§ YOUR TASK
Would you write out the entries again, exactly as they are, but without images?

§ RECORDS SUPPLIED

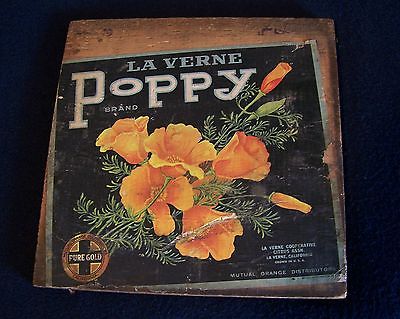 "POPPY BRAND" LA VERNE COOPERATIVE CITRUS ASSN. LA VERNE, CALIF. CRATE LABEL
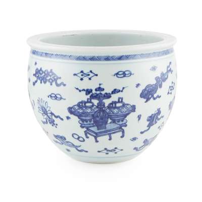 the deep bulbous body painted with four sets of antiquities arrangement surrounded by eight auspicious emblems
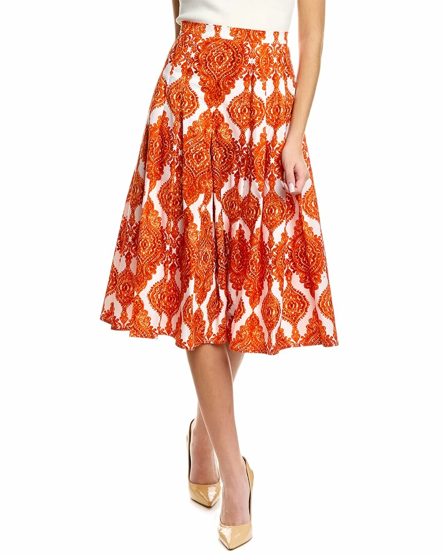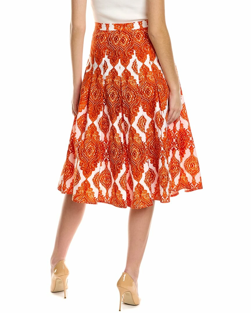 - Zeller Skirt in orange Damascus wallpaper with pleated design
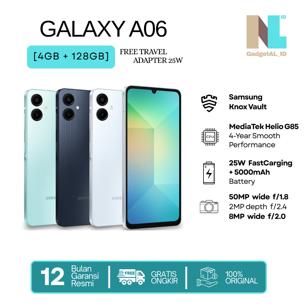 Samsung Galaxy A06 [4/64GB] [4/128GB] [6/128GB] | 5000mAh + Free Adapter 25Watt | Garansi Resmi
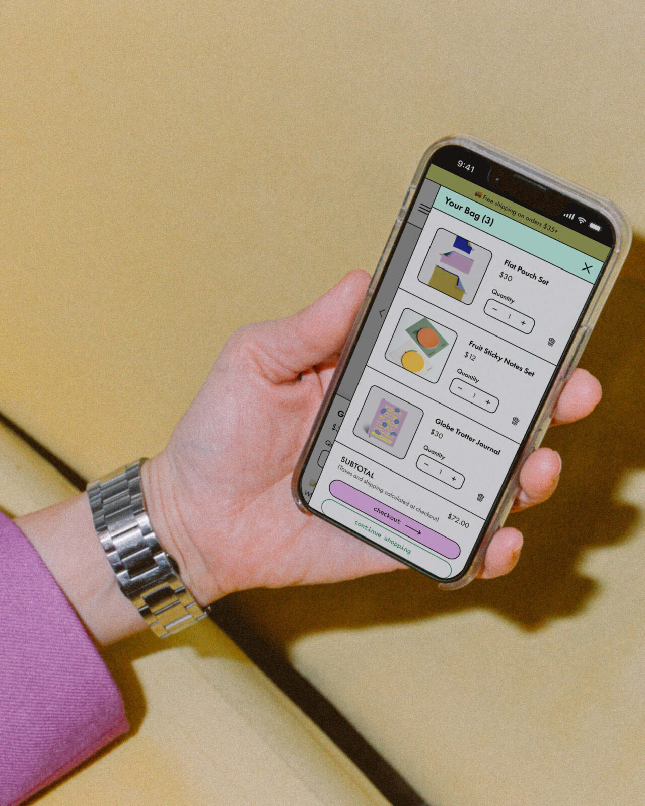 Typography plays a central role in shaping the visual identity. New Kansas, a friendly and approachable serif, brings warmth and readability to headings. Futura PT feels classic yet modern, providing clean legibility for product information. Monoitalic and Eldwin Script add stylistic flair, inspired by handwriting and subtly grounding the digital experience in the analog world of stationery. Together, these typefaces create a visual hierarchy that balances classic, modern, and playful energy. Emojis are also used as playful icons on product detail pages, reinforcing the brand’s personality.
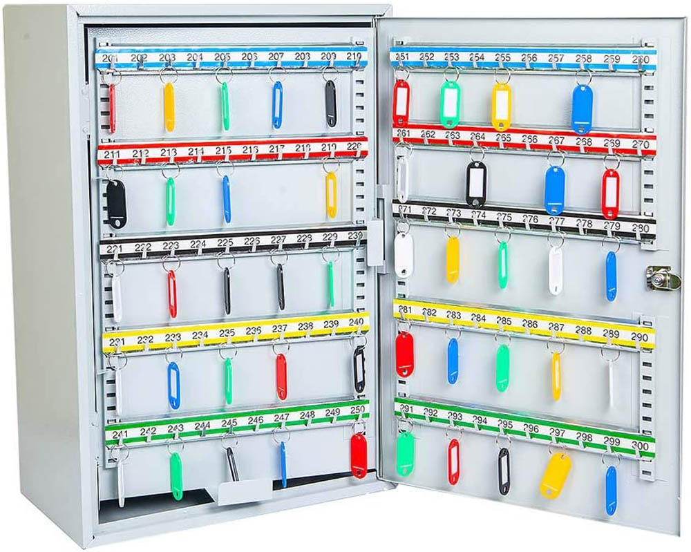 Made from SPCC cold rolled steel – Heavy-gauge Steel Construction Cabinet.Multi-coloured Key fobs 50 pcs. Included and wall fixing accessories with each cabinet.

§ REPLY
 "POPPY BRAND" LA VERNE COOPERATIVE CITRUS ASSN. LA VERNE, CALIF. CRATE LABEL
 the deep bulbous body painted with four sets of antiquities arrangement surrounded by eight auspicious emblems
 - Zeller Skirt in orange Damascus wallpaper with pleated design
 Samsung Galaxy A06 [4/64GB] [4/128GB] [6/128GB] | 5000mAh + Free Adapter 25Watt | Garansi Resmi
 Typography plays a central role in shaping the visual identity. New Kansas, a friendly and approachable serif, brings warmth and readability to headings. Futura PT feels classic yet modern, providing clean legibility for product information. Monoitalic and Eldwin Script add stylistic flair, inspired by handwriting and subtly grounding the digital experience in the analog world of stationery. Together, these typefaces create a visual hierarchy that balances classic, modern, and playful energy. Emojis are also used as playful icons on product detail pages, reinforcing the brand’s personality.
 Made from SPCC cold rolled steel – Heavy-gauge Steel Construction Cabinet.Multi-coloured Key fobs 50 pcs. Included and wall fixing accessories with each cabinet.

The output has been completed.